Application of empirical mode decomposition and Euclidean distance technique for feature selection and fault diagnosis of planetary gearbox

Planetary gearbox plays an important role in large and complex mechanical equipment due to the advantage that it can provide larger transmission ratio in a compact space than fixed shaft gearbox. However, its fault diagnosis is a dilemma due to the special structure and harsh working conditions. This paper applies Empirical Mode Decomposition (EMD) and Euclidean Distance Technique (EDT) for planetary gearbox feature selection and fault diagnosis. EMD is a self-adaptive signal processing method that can be applied to non-linear and non-stationary signal and it can also get the aim of de-noising. EDT can give out the quantitative fault diagnosis result. And its theoretical knowledge is easy to understand. An intrinsic mode function (IMF) selection method based on energy ratio is proposed to select IMFs which include sensitive fault information.

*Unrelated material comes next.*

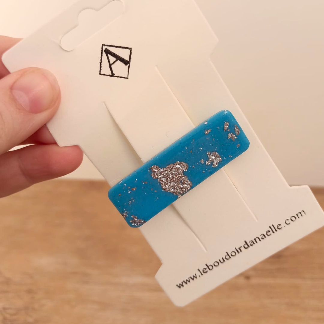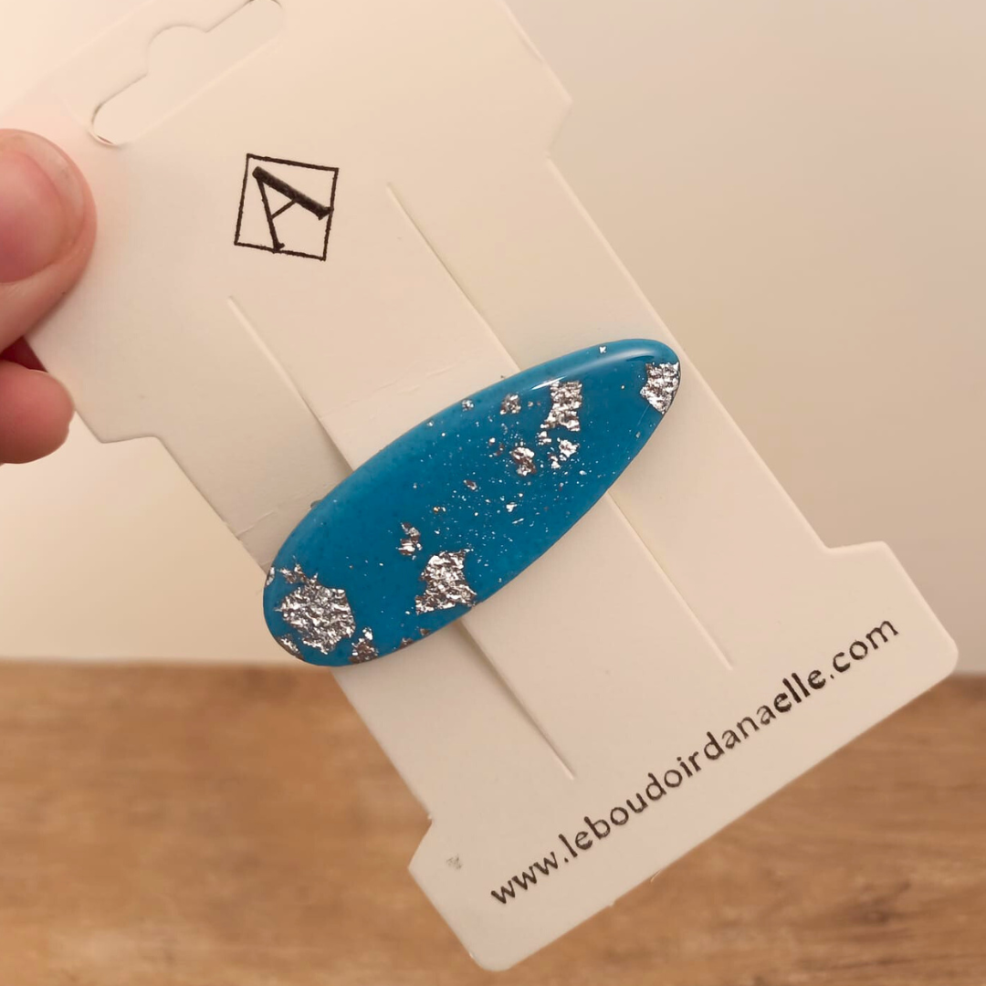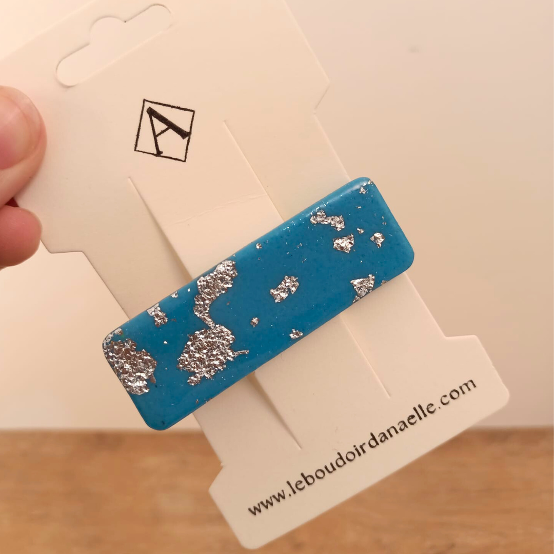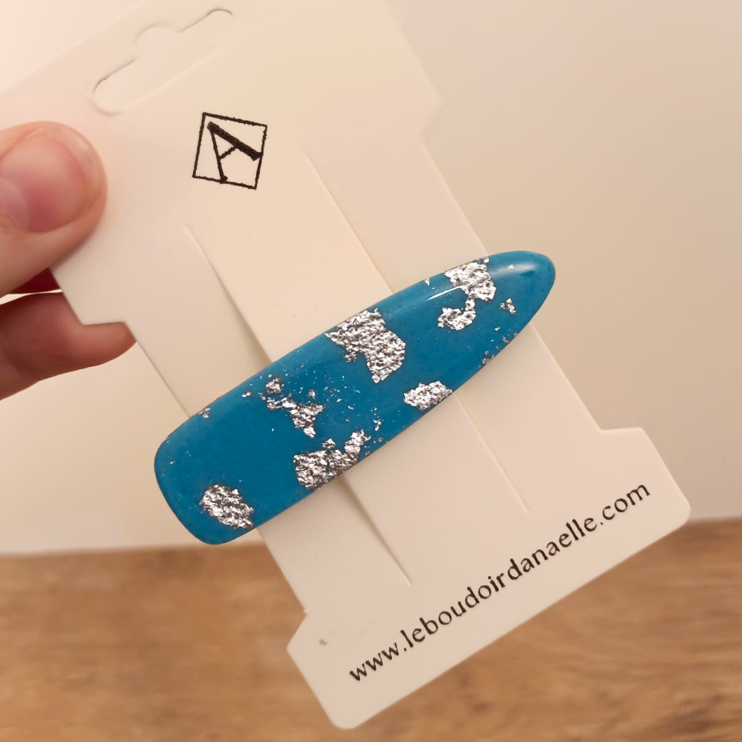 Pourquoi choisir notre barrette artisanale en pâte polymère bleue et argentée ?

A two-stage feature selection and weighting method based on EDT is applied to get a new combinative feature and 36 feature parameters are extracted before this process. Then, the feature vector matrix of each raw signal can be computed out by extracting the new combinative feature from every IMF. Finally, the diagnosis result can be obtained through calculating the Euclidean Distance value between two feature vector matrixes. Namely, the health state of the tested signal is as same as the trained signal which the Euclidean Distance between them is the minimum. The performance of the proposed method is validated by experimental data and industrial data.